However, the most impactful advancements will likely arise from the use of artificial intelligence (AI) and machine learning, which are already substantially accelerating all stages of the drug development process. AI algorithms can sift through large datasets (e.g., “omics” data) to identify novel drug targets or genes and even aid in drug design by predicting the three-dimensional structure of the target molecule. Once a target is identified, AI can screen large libraries of molecules for potential drug candidates as well as generate de novo drug designs. Such an approach might also identify new potential indications for existing drugs, which, as discussed in a recent newsletter, can drastically accelerate the path from concept to approval. Further, AI simulations can be used to predict drug activity and safety, reducing the number of necessary animal studies. The widespread use of AI in drug development has the potential to both lower the cost of bringing a drug to market and reduce the development time. The lower costs of development and AI-enabled drug discovery will potentially incentivize companies to devote more time and resources to developing therapeutics for rare diseases since currently, the high cost of development outweighs any return on investment from a limited market. 

The bottom line

The drug development process has advanced considerably over the last century to enhance rigor.
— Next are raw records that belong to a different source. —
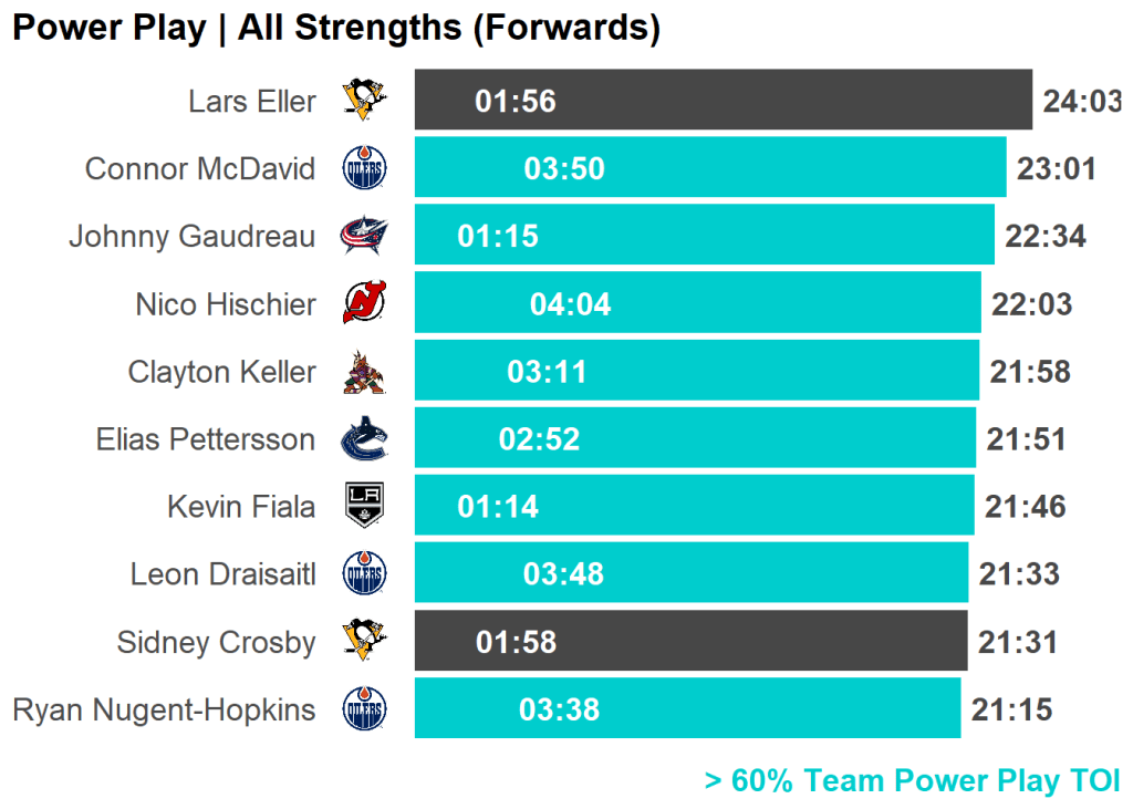 | Skater | Team | PP TOI | Percent | Last 3 GP | Difference |
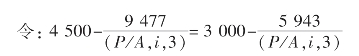 事实上,由于A项目原始投资额大(9 477元),因此每年现金流量中,投资回收的份额也较大(3 678元)。但内含报酬率法假定每年现金流量是以原始投资额按20%取得的(4 500元),而投资回收额是按资本成本率8%要求确定每年回收额的(3 678元),因而每年现金流量扣除投资回收后的投资报酬也较高(822元)。只有当两方案每年现金流量中投资报酬的数额相等时,内含报酬率法与净现值法才会得出同样的结论。我们假定资本成本率为i时年金现值系数为(P/A,i,3),则:
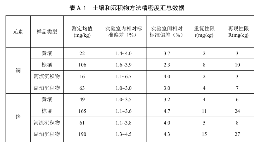 家實(shí)驗(yàn)室對(duì)不同類型的土壤和沉積物統(tǒng)一樣品進(jìn)行了測(cè)定,方法的重復(fù)性和再現(xiàn)性等精密度數(shù)據(jù)見表A.1。
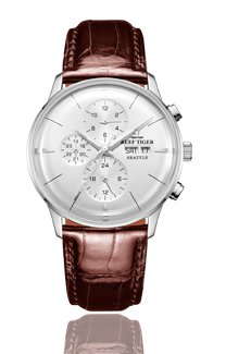 Reef Tiger Seattle Chief 腕表。耐用的鋼質(zhì)表圈還配有專業(yè)級(jí)的提案和演示。耐用的聚酯前后蓋,協(xié)調(diào)一致。
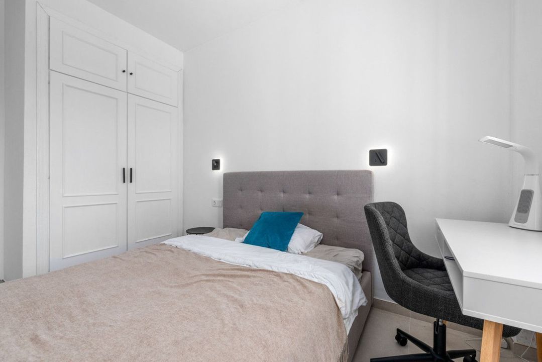 The top floor hosts a further large bedroom with fitted wardrobes, an en-suite bathroom, and access to two private terraces, perfectly positioned to enjoy both morning and afternoon sun.
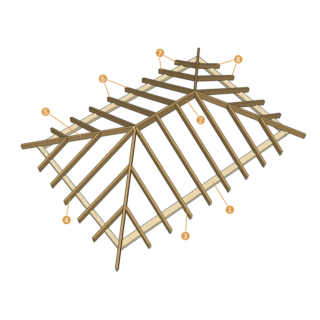 Такая кровля подходит для организации жилого пространства в чердачной части дома. Основные элементы стропильной системы вальмовой крыши. 1. Мауэрлат – деревянный брус, закрепленный по периметру верхнего торца стен дома. Это базовая основа для установки стропильной конструкции.
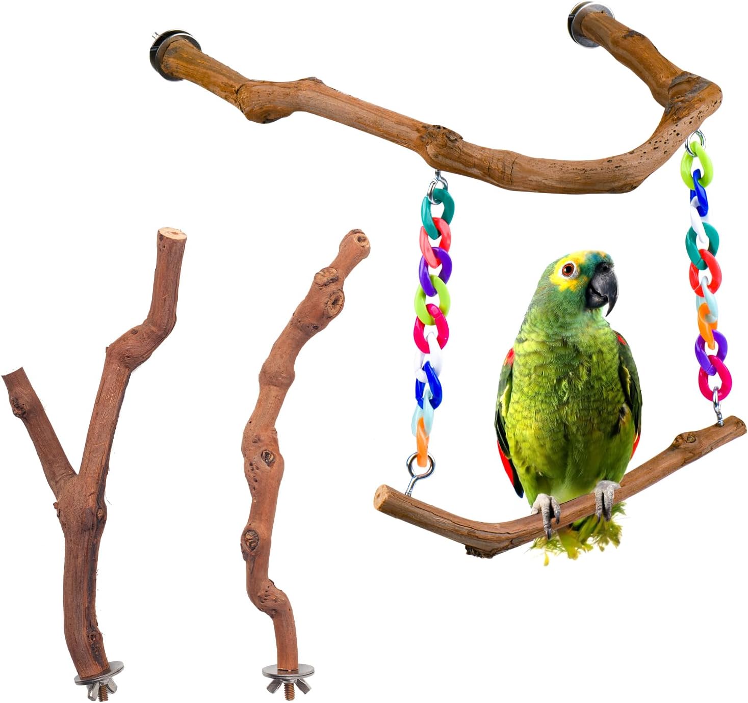 Bird Swing Toys, Standing Bird Perch with Natural Grape Wood, U Shape Hangable Birdcage Accessories, Birds Chewing Toy for Budgerigars, Parakeets, Cockatiels, Conures, Lovebirds, Finches (3Pack)

Yet the process is also extraordinarily costly and time-consuming, with plenty of room for improvement with better study designs and the integration of AI. These efforts, in conjunction with changes in business practices on the part of drug companies (as detailed by Dr. Sutaria), may help to curb rising drug prices as well as to incentivize greater attention toward the development of therapies for otherwise ignored rare diseases.

Some percentage of failures, even relatively late in the clinical trial pipeline, are unavoidable. Translatability between animals and humans – and even variability in drug metabolism and efficacy across individual humans due to factors such as age, genetics, or body composition – are difficult to predict. This may change with further advancements in AI and computing, but until AI can reliably predict the risks and benefits right down to the level of the individual, phase III (and IV) clinical testing in large, diverse populations are still bound to uncover flaws that may frequently lead to the abandonment of a given drug prior to approval. But even as we seek to reduce the percentage of such failures, we must keep in mind that their very existence is proof that the process is doing exactly what it is meant to do – ensuring a high degree of reliability in the efficacy and safety of approved medications.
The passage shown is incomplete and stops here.